Is it that the nntool that I am using of matlab splits the data randomly into training,test and validation set for checking generalization instead of using cross validation.
Also I could see lots of -ve output values adding neurons while my targets are supposed to be positives. Could it be another issues?
I am not able to explain the behavior of NN here. Any suggestions? Here is the link to my data consisting of the covariates and targets
https://www.dropbox.com/s/0wcj2y6x6jd2vzm/data.mat
I am unfamiliar with nntool but I would suspect that your problem is related to the selection of your initial weights. Poor initial weight selection can lead to very slow convergence or failure to converge at all.
For instance, notice that as the number of neurons in the hidden layer increases, the number of inputs to each neuron in the visible layer also increases (one for each hidden unit). Say you are using a logit in your hidden layer (always positive) and pick your initial weights from the random uniform distribution between a fixed interval. Then as the number of hidden units increases, the inputs to each neuron in the visible layer will also increase because there are more incoming connections. With a very large number of hidden units, your initial solution may become very large and result in poor convergence.

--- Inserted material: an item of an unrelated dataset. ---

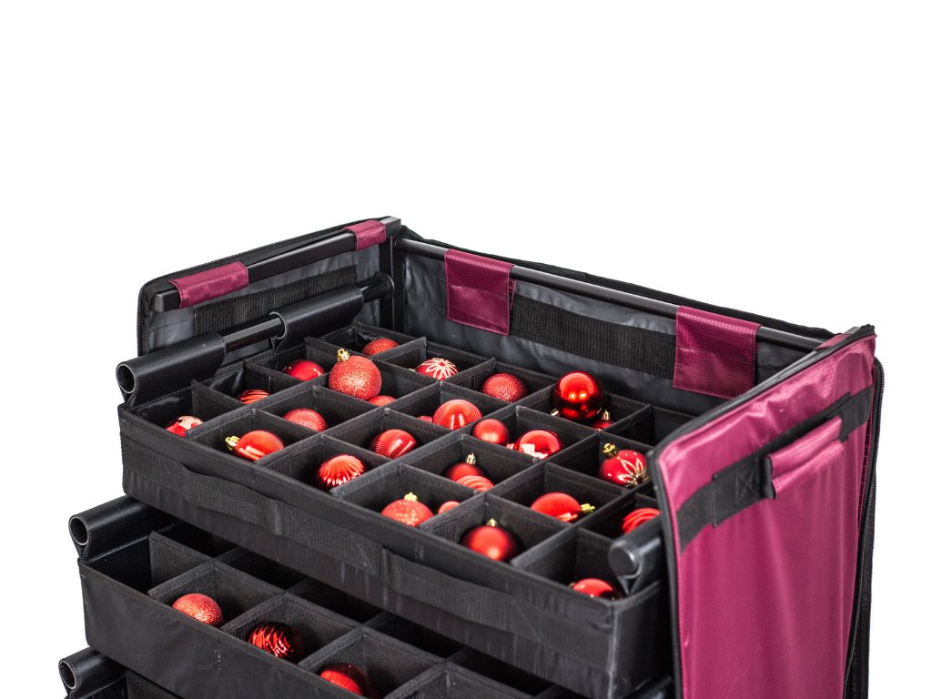 Součástí boxu jsou vytahovací šuplíky, ve kterých najdete praktické rozdělovníky pro jednotlivé ozdoby.

Of course, how this all behaves depends on your activation functions and the distributio of the data and how it is normalized. I would recommend looking at Efficient Backprop by Yann LeCun for some excellent advice on normalizing your data and selecting initial weights and activation functions.

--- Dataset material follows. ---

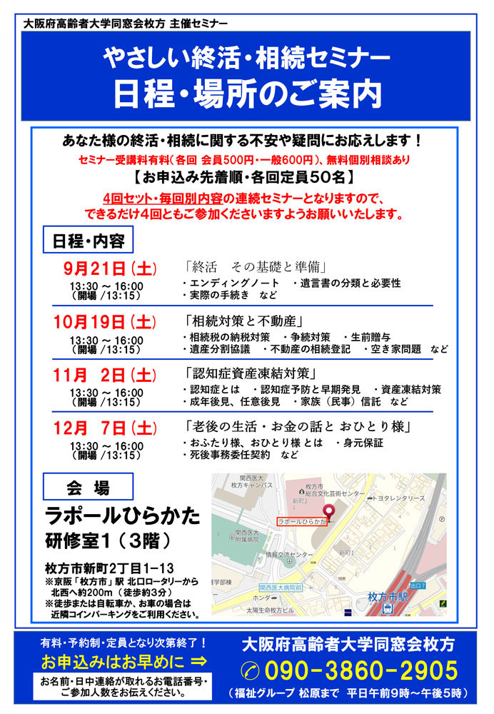 大阪府高齢者大学同窓会枚方会員500円

ANN different results for same train-test sets

I'm implementing a neural network for a supervised classification task in MATLAB.
I have a training set and a test set to evaluate the results.
The problem is that every time I train the network for the same training set I get very different results (sometimes I get a 95% classification accuracy and sometimes like 60%) for the same test set.
Now I know this is because I get different initial weights and I know that I can use 'seed' to set the same initial weights but the question is what does this say about my data and what is the right way to look at this? How do I define the accuracy I'm getting using my designed ANN? Is there a protocol for this (like running the ANN 50 times and get an average accuracy or something)?
Thanks
Make sure your test set is large enough compared to the training set (e.g. 10% of the overall data) and check it regarding diversity. If your test set only covers very specific cases, this could be a reason. Also make sure you always use the same test set. Alternatively you should google the term cross-validation.
Furthermore, observing good training set accuracy while observing bad test set accuracy is a sign for overfitting. Try to apply regularization like a simple L2 weight decay (simply multiply your weight matrices with e.g. 0.999 after each weight update). Depending on your data, Dropout or L1 regularization could also help (especially if you have a lot of redundancies in your input data). Also try to choose a smaller network topology (fewer layers and/or fewer neurons per layer).
To speed up training, you could also try alternative learning algorithms like RPROP+, RPROP- or RMSProp instead of plain backpropagation.
Looks like your ANN is not converging to the optimal set of weights. Without further details of the ANN model, I cannot pinpoint the problem, but I would try increasing the number of iterations.